Schnackenberg, Knoch and Castle, Circuit Judges.

Author: Schnackenberg


Joel Franklin Levine, defendant, has appealed from a judgment of the district court, based on a jury verdict finding him guilty of bank robbery as charged in count 1 of an indictment.

Count 1, in effect, charged that Levine and certain named persons,*fn1 on or about April 2, 1964, at Rockford, Illinois, took from certain named and unnamed employees of the Alpine State Bank, Rockford, Illinois, the deposits of which were then insured by Federal Deposit Insurance Corporation, approximately $27,754.60 in money then in the care and possession of said bank, and in so doing they put said employees in jeopardy by the use of a firearm, in violation of 18 U.S.C. § 2113(a) and (d).

In count 2 the indictment charged that on or about December 11, 1963, at said Rockford, Levine and another person (Smith) by force, willfully took from the person and presence of certain named and unnamed employees of said bank similarly insured deposits amounting to approximately $36,103, and did with a firearm put the lives of said employees in jeopardy, in violation of 18 U.S.C. § 2113(a) and (d).

According to his counsel, the basic issue is the fundamental fairness of defendant's trial in that, while defendant was tried and convicted on a single count of robbing said bank on April 2, 1964, during the course of the trial the Government repeatedly injected the charge that defendant had also robbed the same bank on December 11, 1963.

1. In support of his contention in this court, defendant's counsel is required to fully comply with the rules of this court so that we may be fully informed of everything in the trial court record relevant to that contention. Notwithstanding that requirement and especially the express language of our rule 16, no appendix, either printed or typewritten, was filed. While we did waive the printing of the record and permit the filing of typewritten briefs, the filing of an appendix was not waived. Without such appendix we are confronted with the task of examining 635 mimeographed pages of trial proceedings. We have repeatedly held that, unless waived by the court, such an appendix must be filed by appellant. United States v. Dixon, 7 Cir., 343 F.2d 510, 511 (1965), and cases there cited.

Nevertheless, we assume that court appointed counsel for appellant in this case is undoubtedly rendering his services without remuneration and, for that reason, we wish to alleviate the situation which exists due to the absence of an appendix. So we shall assume as correct the statement of facts as set forth in the government's brief, which has not been questioned by appellant's counsel.

2. After the jury was sworn to try the issues, the prosecutor read to the jury both counts of the indictment and stated:

"* * * I am going to limit myself to the evidence to be heard under the first count of the indictment, the April 2, 1964, robbery. * * *"

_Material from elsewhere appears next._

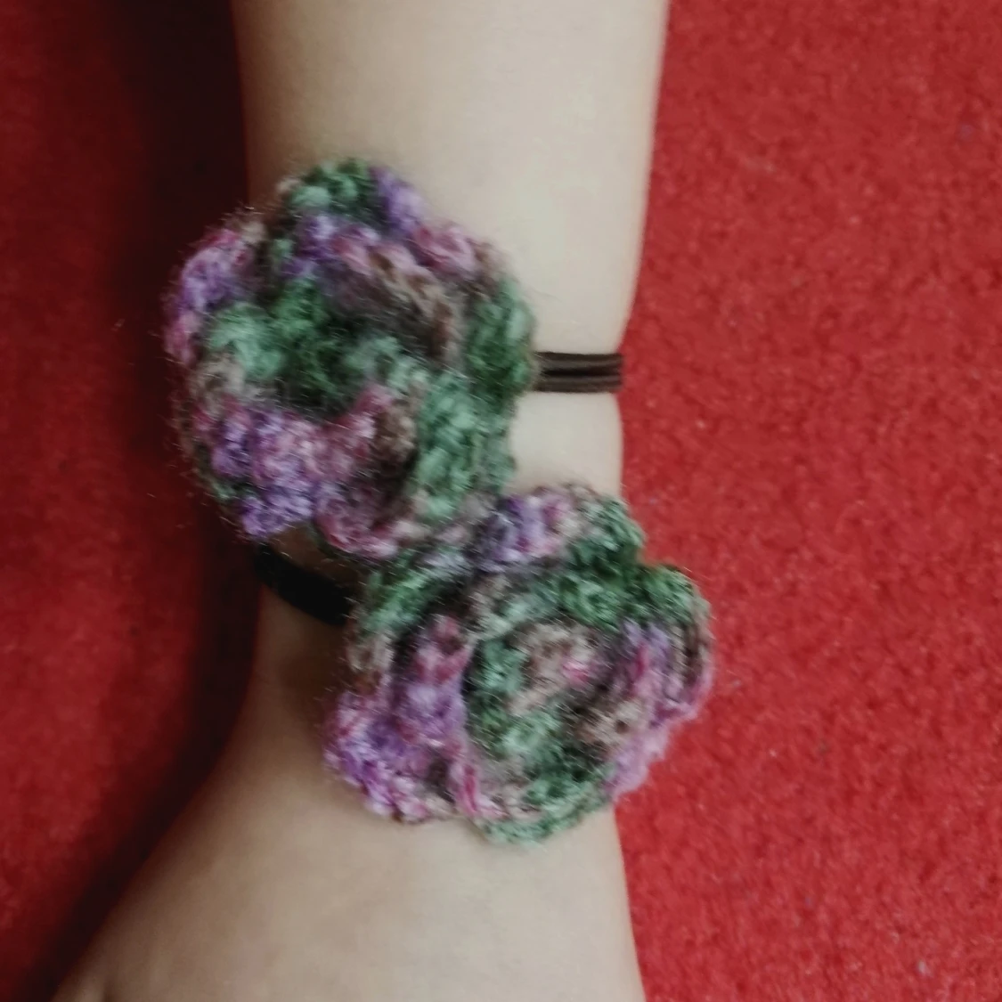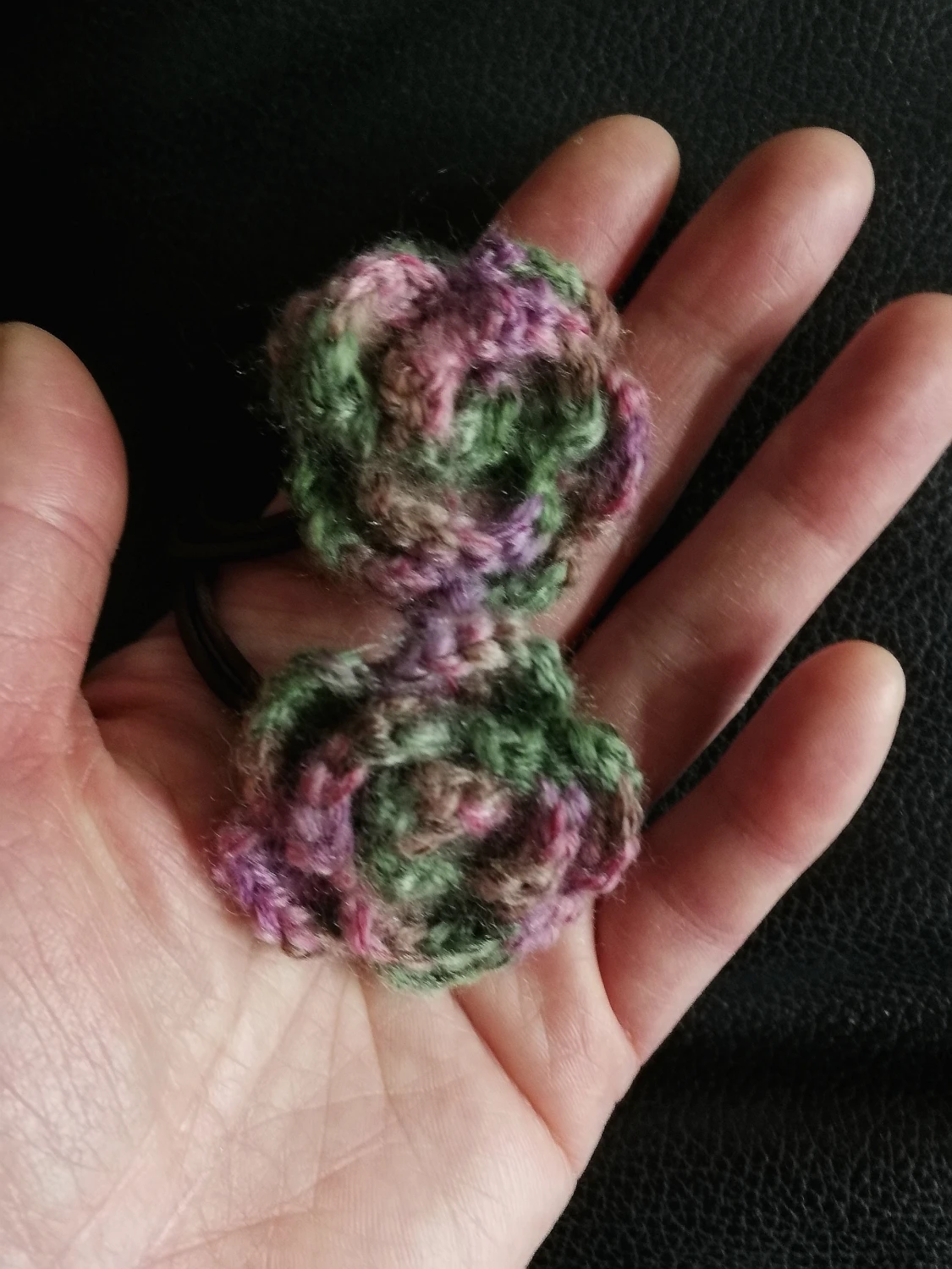 Ett par rosor hårsnoddar. Nytt. Virkade av mig. Väldigt fint. Foton kan inte visa det på riktig fint. Gummiband är 5cm. Dubbel gummiband.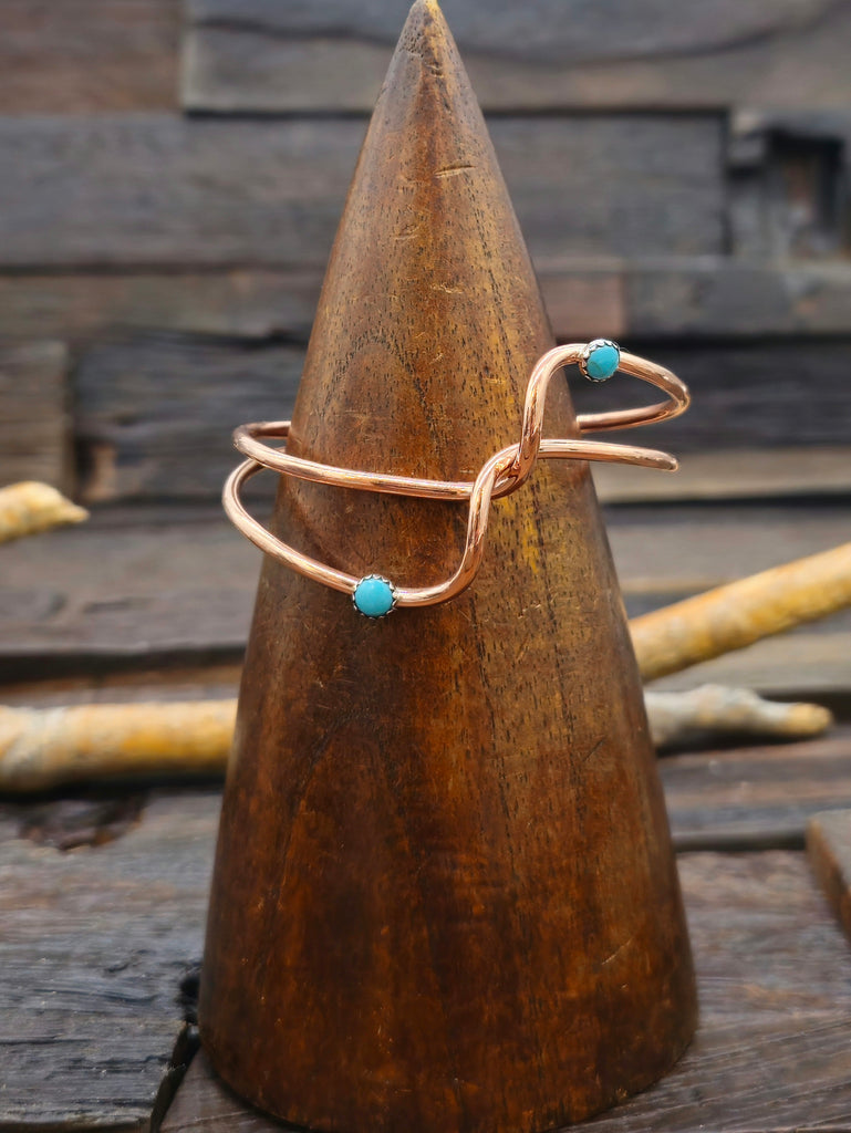 Split double shank twist wire bracelet with 2 small pieces of turquoise. Handmade by Navajo Artist Yolonda Skeets.

At the conclusion of the statement, defense counsel for Smith (Mr. Schirmer) stated:

"May it please the Court, I have heard nothing in the opening statement concerning December, 1963."

The Court asked:

"Did you intend to say nothing in your opening statement about the evidence which you propose to offer in connection with the other count?"

Mr. Zvetina (Government counsel):

"That is right, your Honor."

The prosecutor stated:

"Well, I waive on Count II. * *

I intend to proceed on Count I."

In the presence of the jury, the prosecutor stated that the government did not intend to adduce any evidence on the count concerned with the December 11, 1963 date.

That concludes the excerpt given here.